TASK ITEM →
Starting at the line containing "personalizada para empresas" and ending at the line containing "Nothing beats a", transcribe the listing below exactly. Keep both end lines, skip the pictures, and copy nothing else.

INFORMATION PROVIDED →
* * * * * * * * *

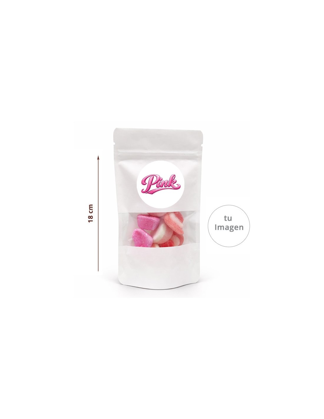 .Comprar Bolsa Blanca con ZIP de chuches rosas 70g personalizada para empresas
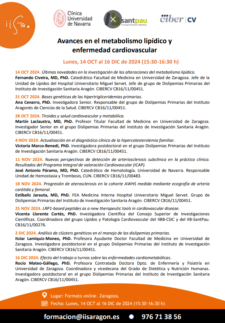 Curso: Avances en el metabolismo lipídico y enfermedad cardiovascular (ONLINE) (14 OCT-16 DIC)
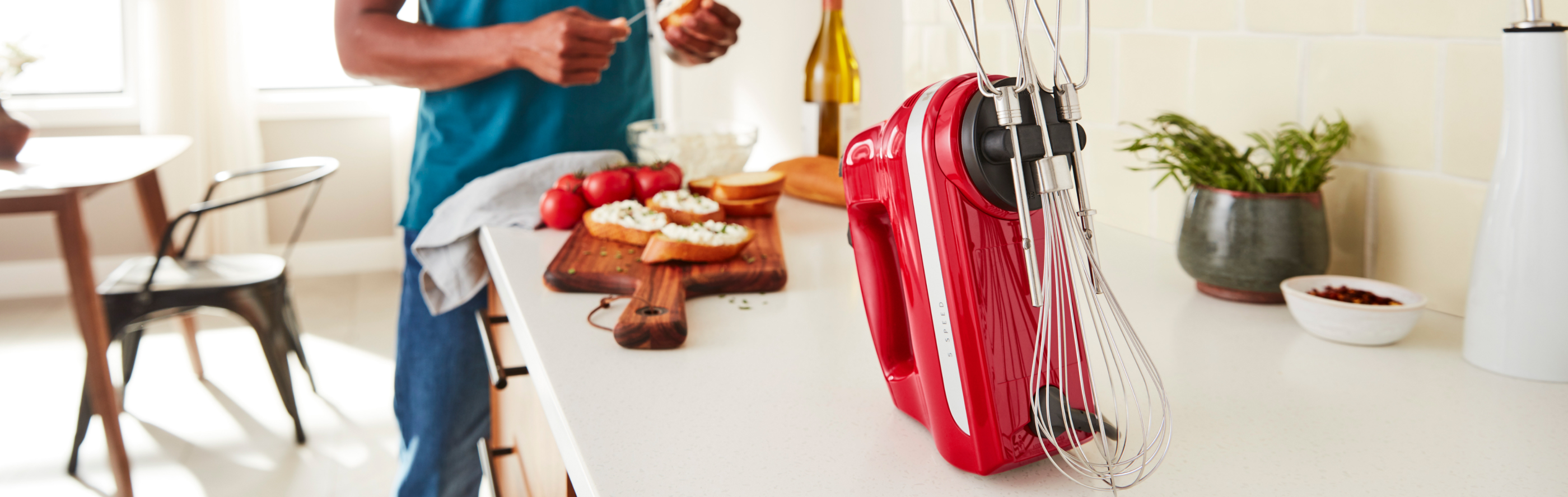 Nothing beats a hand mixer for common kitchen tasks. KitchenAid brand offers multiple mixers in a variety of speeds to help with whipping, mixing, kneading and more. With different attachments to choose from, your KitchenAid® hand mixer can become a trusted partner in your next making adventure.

* * * * * * * * *

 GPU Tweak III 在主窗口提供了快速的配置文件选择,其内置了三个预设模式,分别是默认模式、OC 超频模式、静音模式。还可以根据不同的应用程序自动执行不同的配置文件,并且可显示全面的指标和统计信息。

* * * * * * * * *

WRITTEN REPLY →
 .Comprar Bolsa Blanca con ZIP de chuches rosas 70g personalizada para empresas
 Curso: Avances en el metabolismo lipídico y enfermedad cardiovascular (ONLINE) (14 OCT-16 DIC)
 Nothing beats a hand mixer for common kitchen tasks. KitchenAid brand offers multiple mixers in a variety of speeds to help with whipping, mixing, kneading and more. With different attachments to choose from, your KitchenAid® hand mixer can become a trusted partner in your next making adventure.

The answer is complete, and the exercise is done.